Assignment to be completed within 2 hours limit and uploaded to GitHub.
Save the four queries below in file in the GitHub repository
- Write a query that shows how many pageviews occurred in the last week
- How many sessions have organic as a medium?
- Create a list of all nodes with the amount of pageviews that came from users with an organic medium in the last 30 days with the highest number first
- Write another query using the tables above and explain what it does
- Pick two datasets, at least one from data.gov
- Combine and examine the datasets looking for interesting and actionable insights.
- Reusable scripts to run your analysis
- Short write-up of approach and findings including information about the datasets that you used
- Share all code and results in a GitHub repository.
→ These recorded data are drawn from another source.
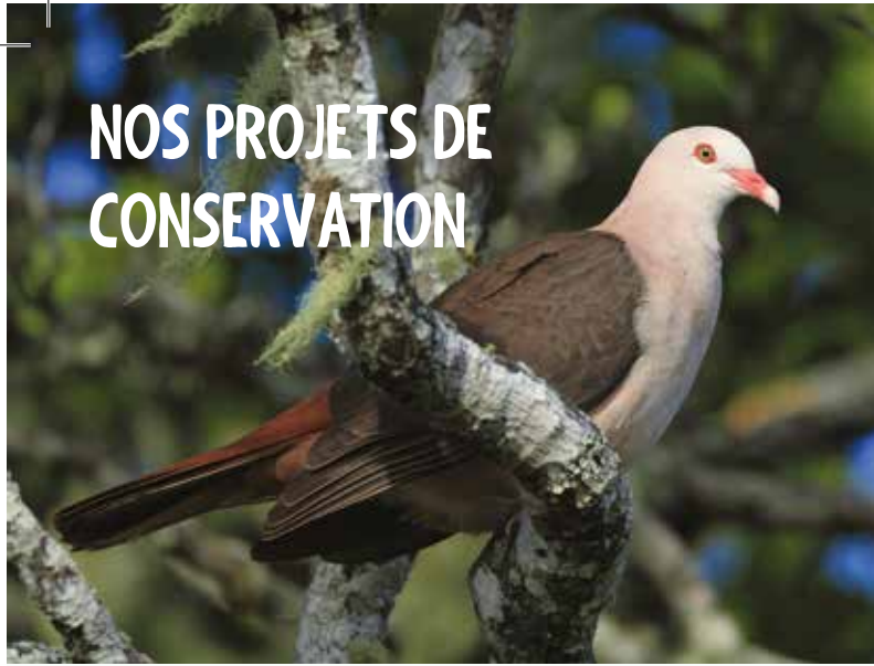
Pigeon des Mares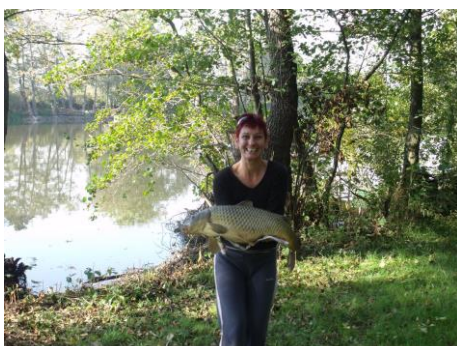
Kemény küzdelem eredménye ez a szép ponty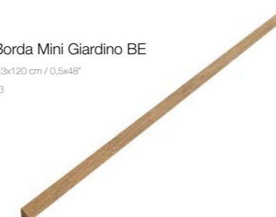
Borda Mini Giardino BE 1,3x120 cm / 0,5x48" V3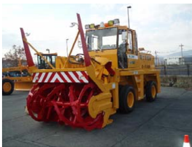
【ロータリー除雪車】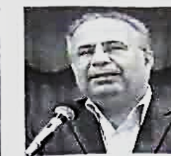
مدیر کل جدید تعاون روستایی فارس: هیات های مدیره شرکت های تعاونی و اتحادیه ها باید از بین اعضا انتخاب شوند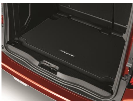
Mata bagażnika welurowa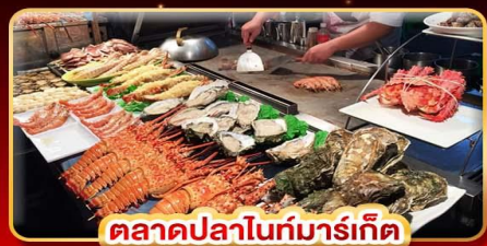
ตลาดปลาไนท์มาร์เก็ต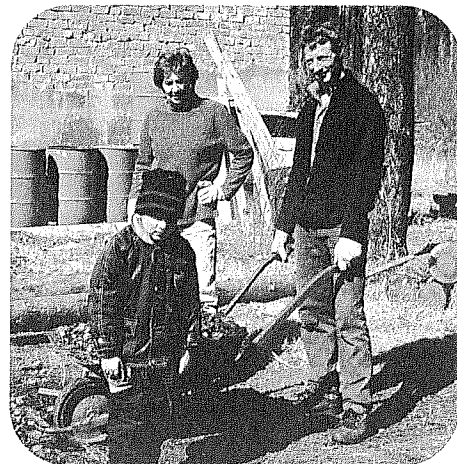
Cekules ciemata talcinieki izrādījās visāšākie un kad citos ciematos darbs vēl nebija i pusē, viņi visu jau bija padarījuši.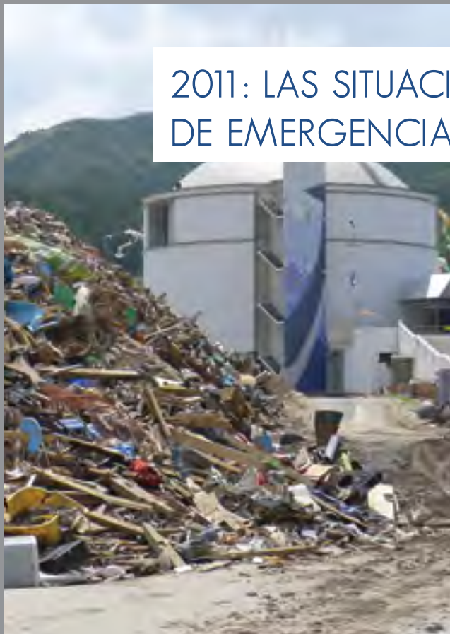
Yamada Town Whale and Sea Museum, Japan (2011)

El año 2011 fue un año marcado por la tristeza de muchos desastres naturales o humanos. La sucesión rápida de estos acontecimientos y en vistas de proteger los museos y los bienes culturales, necesitó la aplicación de mecanismos para prepararse y responder a las emergencias. Durante estas crisis, el ICOM, con el apoyo de su Grupo de Intervención y Socorro en casos de desastre para los Museos (DTRF), de algunos de sus comités nacionales e internacionales y de la red internacional del Escudo Azul, en el que ICOM es muy activo, actuó en el seguimiento y evaluación de la situación, en la preparación de medidas de respuesta apropiadas, en la difusión de información a través de su red internacional, así como en la participación y gestión de las misiones de evaluación in situ.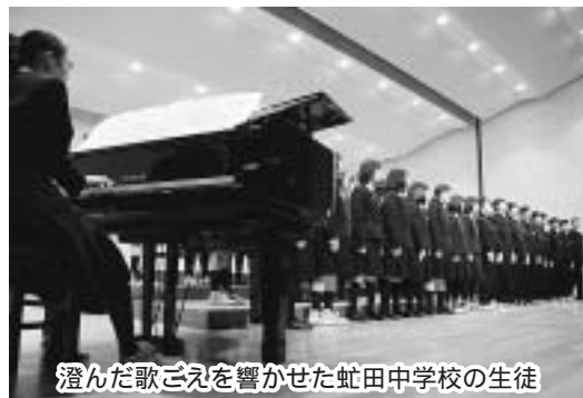
澄んだ歌ごえを響かせた虻田中学校の生徒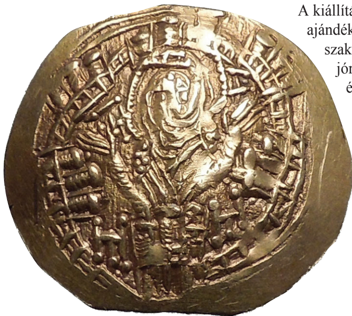
6. kép: VIII. Palaiologosz Mihály hiperperionja, Theotokosz és a falak (ANAMED)

A kiállítás szövegei informatívak. Egy bibliográfiával is megajándékozzák a látogatót (amelyen sajnos a források és a szakirodalom nincs elkülönítve, és a modern szakirodalom jórészt törökül szerepel). Nagyon hiányoznak a térképek és a tárgyak fotói – a theodosiusi fal feliratának egy része, az Aranykapu szobrai mind megvannak az iztambuli Régészeti Múzeumban, érdemes lett volna arrafelé is irányítani az érdeklődőket. A paradoxon abban rejlik, hogy a szövegek túlsúlya miatt rendkívül intellektuális a mustra, a kérdésfelvetés azonban a nagyobb közönséget célozza meg, és a múlt századi fotók is a könnyebb befogadást segítik. A kiállítás a bizantinológia legújabb problematikáját, a „térbeli fordulatot” ( spatial turn ) 1 illusztrálja kitűnően, hiszen a térbeli falból is szöveget csinál, és a szöveg idézi fel a térbeliséget számunkra. De eszünkbe juttatja a 19. században lerombolt európai városfalak kérdését is: ma Róma, Nürnberg, Ferrara és még néhány helység kivételével nagyon kevés városfal áll. Milyen volt Pá-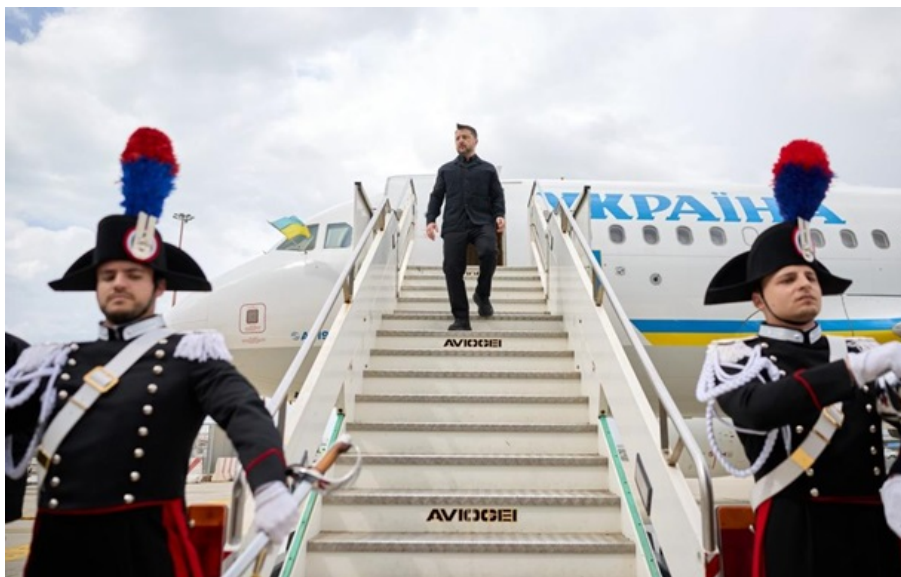
Володимир Зеленський перебуває у європейському турне

Програмою візиту передбачена участь українського лідера в церемонії вручення міжнародної премії Чотири свободи.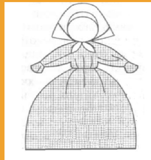
Баба на чайник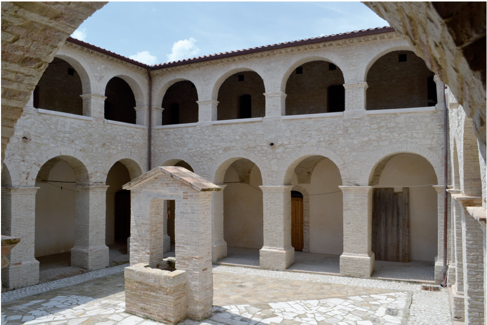
Deliceto - Convento di Sant'Antonio - Il chiostro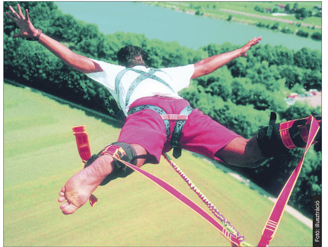
A stresszt régen természetes közegben éltük meg, most azonban fizetnünk kell érte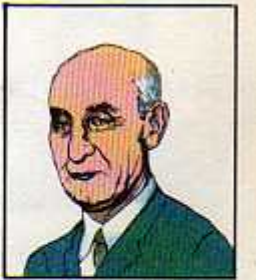
۳۰) دکتر محمد مصدق

۱۲ اردیبهشت ۱۳۳۰ - ۲۵ تیر ۱۳۳۱ ۴ مرداد ۱۳۳۱ - ۲۸ مرداد ۱۳۳۲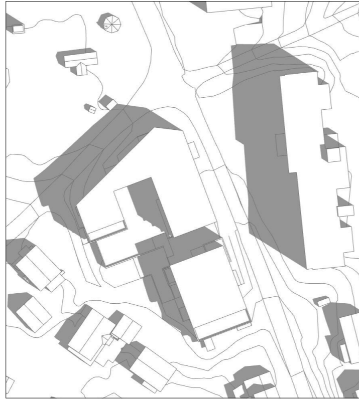
21.juni kl 10.30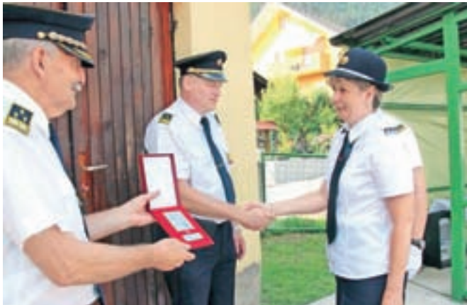
Podelitev srebrne plakete Gasilske zveze Slovenije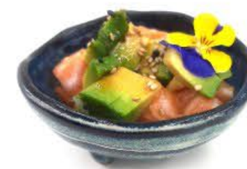
740. Tartare Sake Salmone crudo, avocado e salsa giapponese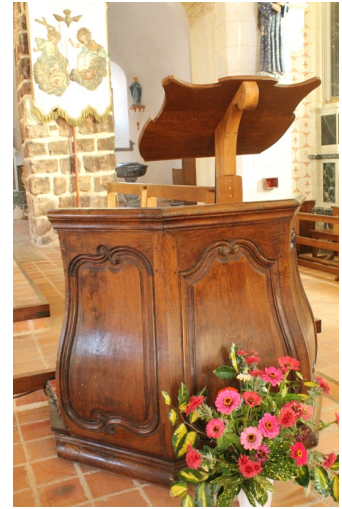
Nuillé-sur-Vicoin, cuve transformée en ambon

Et pour terminer, quelques photos de chaires remarquables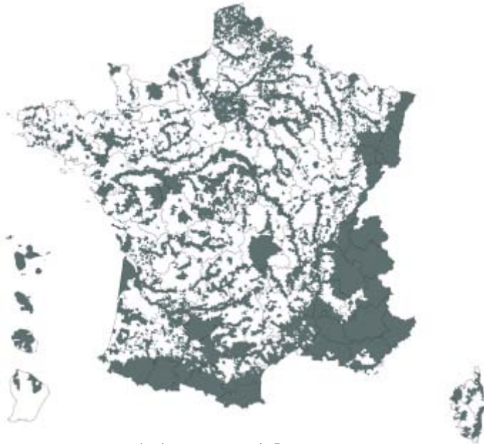
carte des communes de France où s'applique l'obligation d'établir un état des risques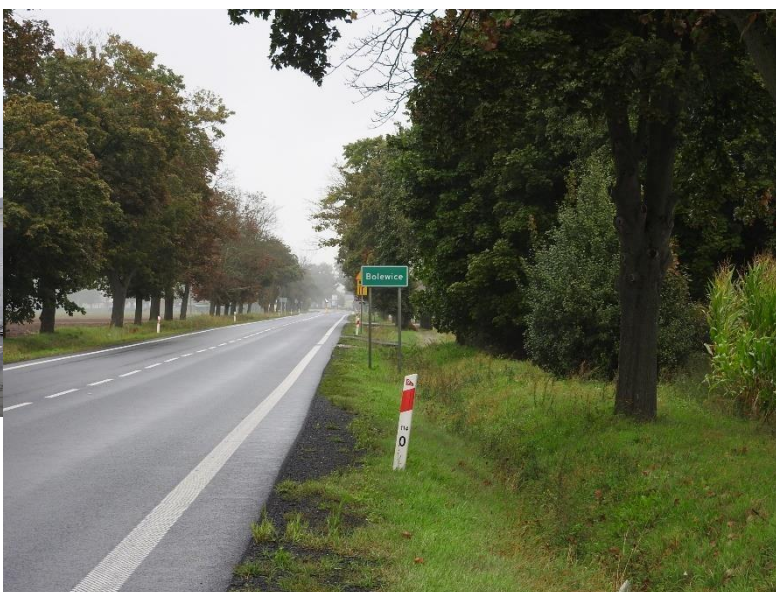
Zdjęcie 5 Wjazd do Bolewic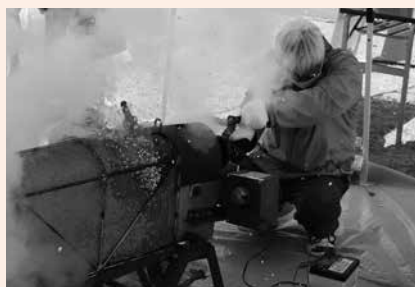
昨年のポン菓子の実演の様子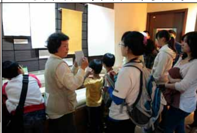
多才多藝的美香組長介紹不同紙張的性質。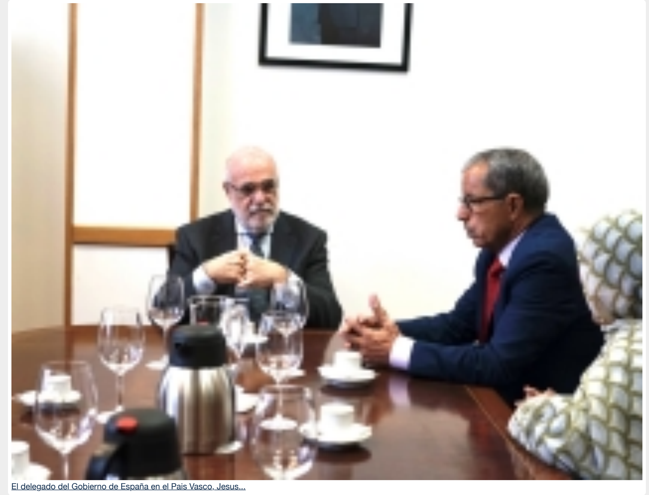
El delegado del Gobierno de España en el País Vasco, Jesús...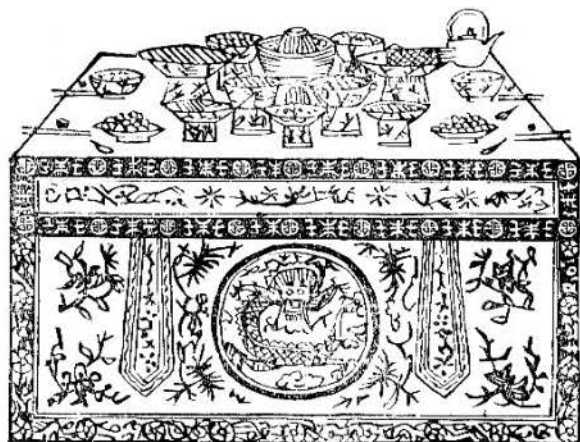
Un dîner de cérémonie. La table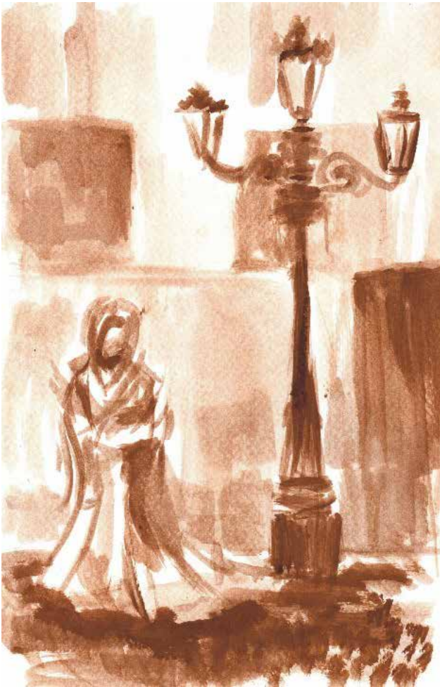
FIGURA 5 Chavez, G. (2018). Tapada sola [dibujo sobre papel]

Este modelo se presenta a principios del siglo XX, cuando el arte se desprendió del modelo académico debido a las consecuencias del pensamiento racionalista que impactó en la pérdida de valores, empatía y honestidad causados por conflictos como las preguerras (Tejeda, 2019). Estos hechos hicieron que los artistas de la época se desligaran del enfoque academicista y propusieran nuevas corrientes artísticas que valoricen las emociones y los sentimientos e incluyeran nuevas técnicas y soportes (figuras 5 y 6).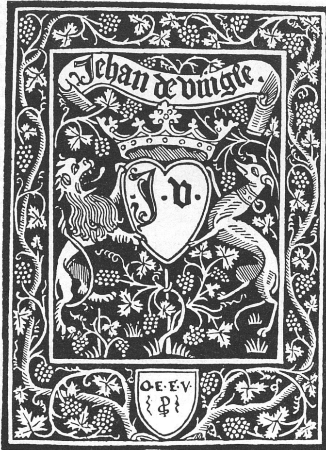
Wappenzeichen Lyon 1495

I searched for the first dataset on data.gov, where I looked for interesting health data. The most interesting one was NCHC's dataset on leading causes of death. This dataset contains data on number deaths that the 10 deadliest diseases caused in each state from 1999 to 2015. It also contains the age-adjusted death rate, which is great for running analyses, since it accounts for the age of people living in each state and it is per 100,000 people.
I had to find other dataset and combine the two to find something interesting. I thought it might be cool to find whether any disease is more prevalent in areas with lower level of education. After a bit of looking for data with Education Attainment, I found a good dataset on the Cencus Bureau's American FactFinder. I used the 2010 data since that one should be the most accurate. This dataset contains the maximum level of education completed by population that is 25 years or older. It also contains information about race and many other things that I did not need to use in this analysis.
I tried to run Pearsons Correlation with different diseases and their correlation to the education level. Turns out that Stroke has the best correlation to education level. It is negatively correlated, which means that the lower the education, the higher the chance of dying on stroke.
The graph shows that the more the people who have Bachelor's degree in a particular state, the less death because of stroke happened in the state.